Will the cluster run systemd?
Clearly the price of the hardware is now irrelevant - there can't be many places in the world where a one-time $5 per-child expense is unattainable.
The only limiting factor now is whether kids have the course materials to learn - and whether they have access to a machine with display and keyboard to write their programs on. The coursework isn't going to be cheap - but if done right - and OpenSourced - then the cost can be amortised down to nearly $0. So the one remaining problem is whether these kids will have access to something to type, edit, compile and download their code on...and there's the problem.
If you already have access to that kind of hardware (an OLPC, at a minimum) - then why not learn to program on THAT? Why do you need to learn on an embedded system - which is harder to debug, more easily damaged, etc, etc? I think the answer is that there has to be a REASON to write programs - or programming classes will be as hard to get kids excited about as (say) Math classes. Programming a robotics project - or even just getting some push-buttons and LED's working - is quite compelling when compared to the dross that's taught in Java Programming 101 in US schools and colleges...I've helped two people through that kind of course - and you'd think they were teaching someone to write accounting software...urgh!
IMHO, teaching kids to write games would be a better approach - but embedded computing works too.
Where I think these things may really help is in teaching about electronics.

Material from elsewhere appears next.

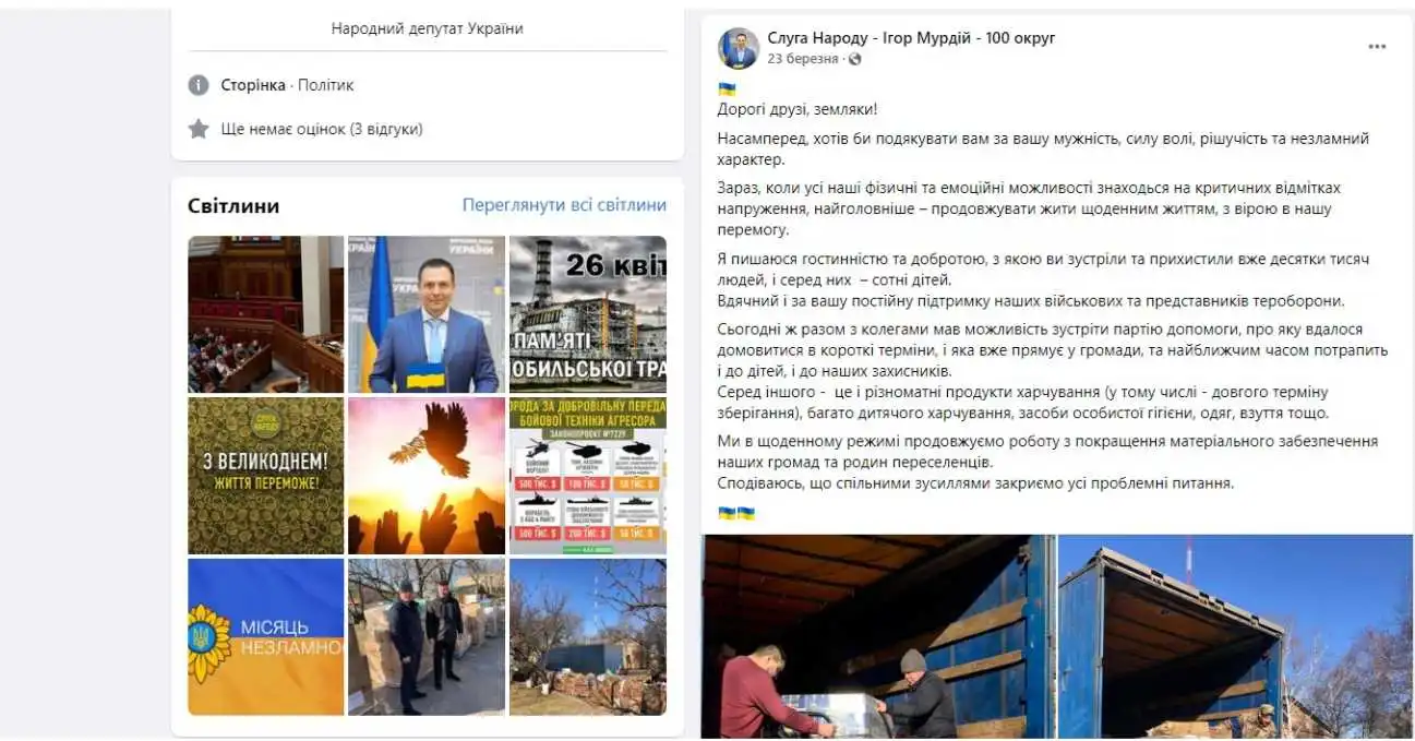 Ігор Мурдій також долучався до гуманітарної допомоги. У соцмережах він зазначив, що серед вантажів, які він зустрічав і про які домовлявся, — різноманітні продукти харчування (у тому числі довгого терміну зберігання), багато дитячої їжі, засоби особистої гігієни, одяг, взуття тощо.

Simple stuff like how to interface a switch, a potentiometer, an LED or an R/C servo to an I/O bit on a microprocessor is a useful introduction - and programming it to do something interesting is also useful.
It's all going to be down to the courseware.
www.sjbaker.org
The best way to ensure this is making coding knowledge worthless!
"Why should I pay you, an excellent programmer, good money when there are five hundred people in line for the Job?"
Coding, the MacDonald job of the future? "U want source with that?"